In India with Denise Welch and Lincoln Townley

I doubt that the real sentiment of the evening would have been noticed by many in the room. For sure, my table was filled with gorgeous reality stars and glamour models. All the old-school table dinner-party etiquette I was taught by my partner as a youth was nowhere to be seen!

The minimally dressed ladies make introductions but can’t wait to sit down and get to their phones to see if they have made it to “The Mail Online”. That’s fine. Danielle might be both a model and an actress, but she is chatty and amusing and not at all rude. I try making a joke as the intro of the awards is taking so long that everyone is starving, and there is no sign of food. Getting my phone out, I ask, “shall I call for a take-away?”

They look up and laugh – but look back down straightaway.

Things change when a well-known photographer comes up and asks me to get Danielle to take her top off as she is not showing enough cleavage, followed by a few other known faces kindly coming to say hello. Suddenly there is a change at the table due to my being recognised.

“Who are you and how do you know each other?” asked one of the glamour ladies. On hearing that sometimes in my PR capacity Danielle gets work and press exposure through me, the phones come down. In fact, the evening seemed to lift with one of the ladies taking time to show me her boyfriend’s penis, which took up most of the phone screen. Asking her how she could still walk caused giggles.

Of course, the women with the most revealing outfits make it into the papers. Danielle is looking elegant and stylish too. “Maybe I should have shown more?” asks Danielle, who is a good actress. Class over brass in the end, I reply. You looked gorgeous.

It is quite terrifying. There is a sea of so-called celebrities fighting to get their images in the press, not through their talents (though many are talented) but by showing as much skin as possible on the red carpet. A star or celebrity not so long ago was trained in social grace and style, not in the art of running a selfie through five apps to make them look like an embryo in a frock. Men aren’t excluded, with features popping up (pardon the pun) like the Battle of the Bulge. How long till a desperate male reality star shows more than he should to get column inches?

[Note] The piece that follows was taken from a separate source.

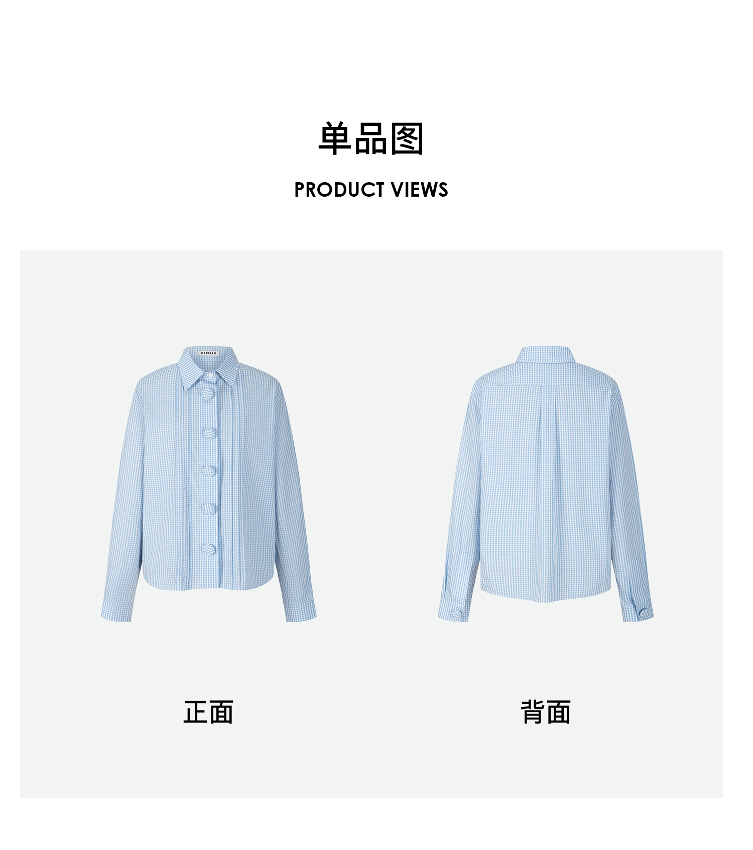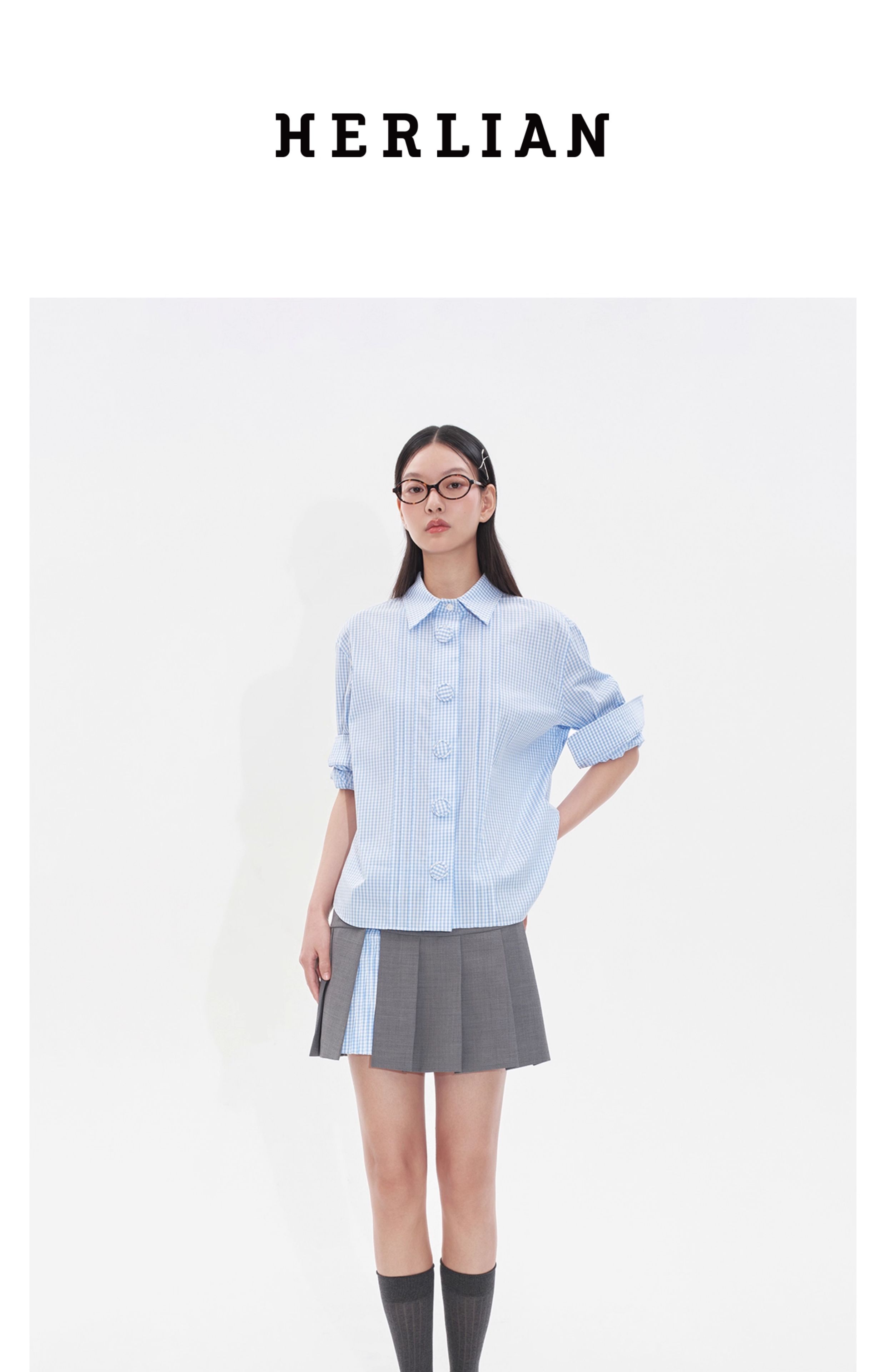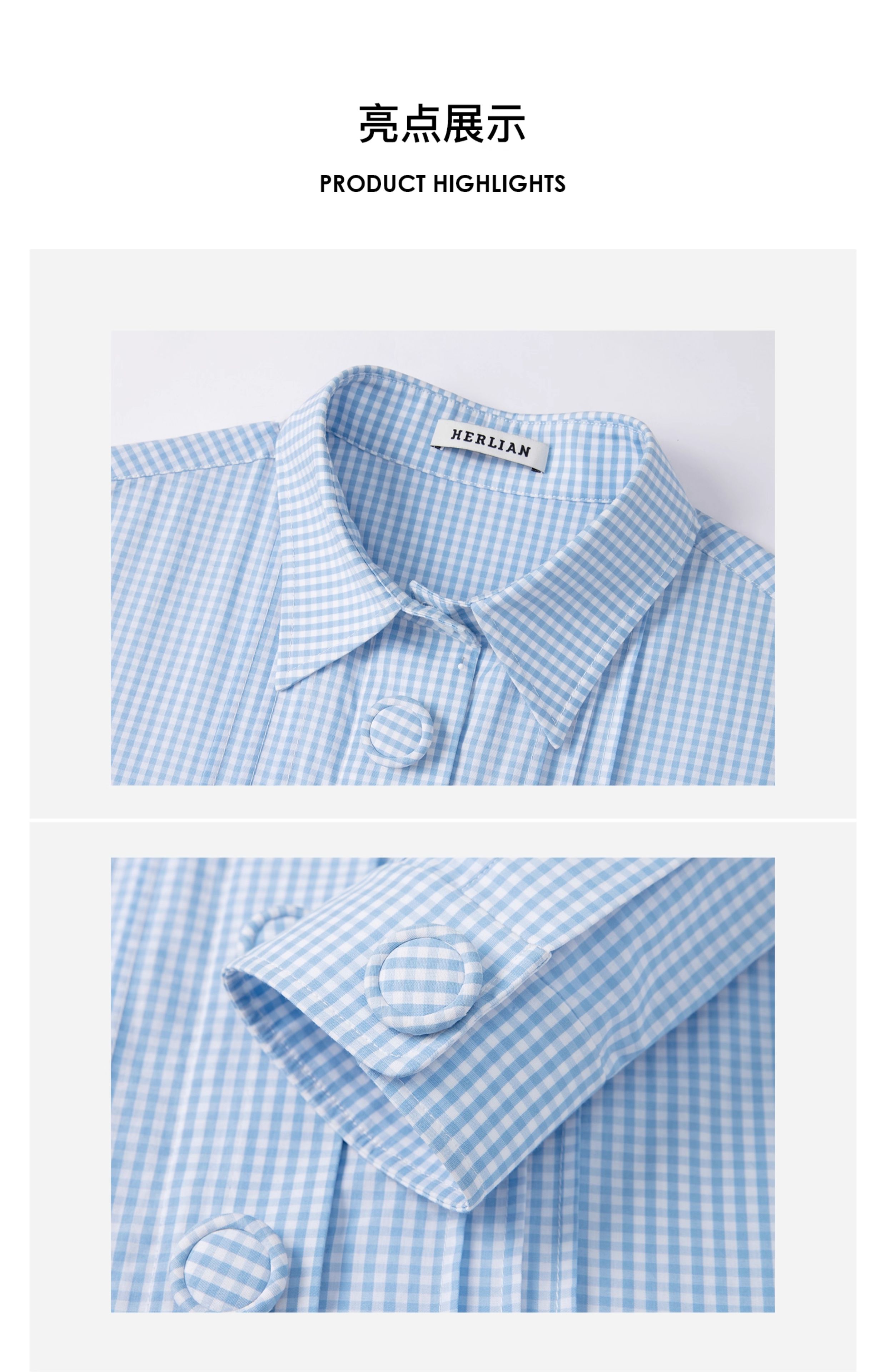 HERLIAN2025年秋季新品女士蓝白格纹衬衫包扣装饰上衣

Nell McAndrew at the British Curry Awards

What a woman wears is more important than what she thinks, with magazine columns filled with, “Who wore it best and worst”. As Bette Midler says, “So sick of the ‘who wore it best’ feature in women’s magazines. Stop pitting us against each other. If you didn’t put it on backwards and your tit didn’t pop out, you wore it just fine.”

Well, for some, your tits popping out is the point and the papers lap it up. Free PR all round!

Now do not get me wrong. I love a picture or two but the worry is, what are we teaching young people? Ours is a world that is fast revolving through Snapchat, Instagram and Facebook where basic social skills are going out the door.

People are actually putting themselves and others in danger walking through our busy cities in a zombie-like state, unaware of their surroundings, looking down at what is fast becoming the master of us: the phone. A friend of mine told me she claps her hands as they walk towards her.

“Great, that should get you stabbed in London sooner or later,” I replied.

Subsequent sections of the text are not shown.